_SOURCE DATA_:
────

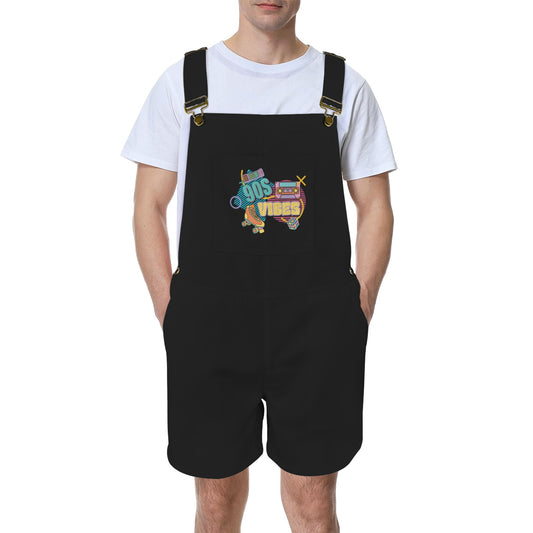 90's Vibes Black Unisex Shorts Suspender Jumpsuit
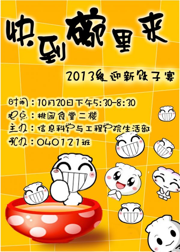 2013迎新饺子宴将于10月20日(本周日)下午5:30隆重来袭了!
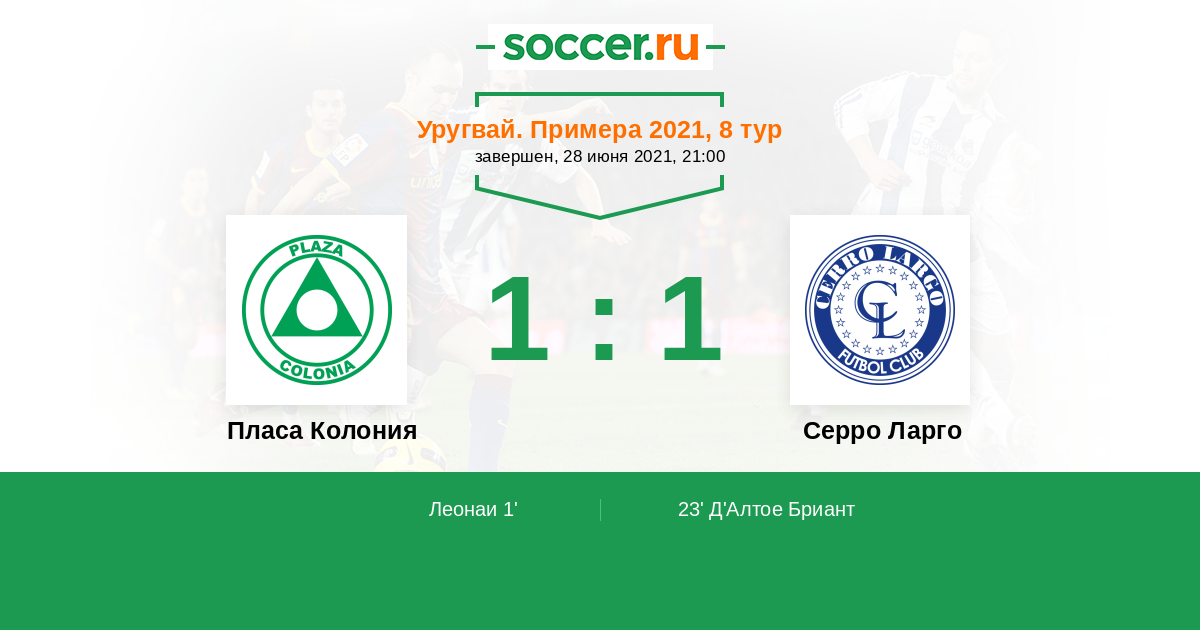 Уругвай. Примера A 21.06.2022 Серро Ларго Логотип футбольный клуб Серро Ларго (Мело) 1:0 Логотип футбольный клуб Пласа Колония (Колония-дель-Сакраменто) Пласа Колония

────

_WHAT YOU NEED TO DO_: Please repeat the data verbatim and leave the pictures out of your copy.

_SOLUTION_:
 90's Vibes Black Unisex Shorts Suspender Jumpsuit
 2013迎新饺子宴将于10月20日(本周日)下午5:30隆重来袭了!
 Уругвай. Примера A 21.06.2022 Серро Ларго Логотип футбольный клуб Серро Ларго (Мело) 1:0 Логотип футбольный клуб Пласа Колония (Колония-дель-Сакраменто) Пласа Колония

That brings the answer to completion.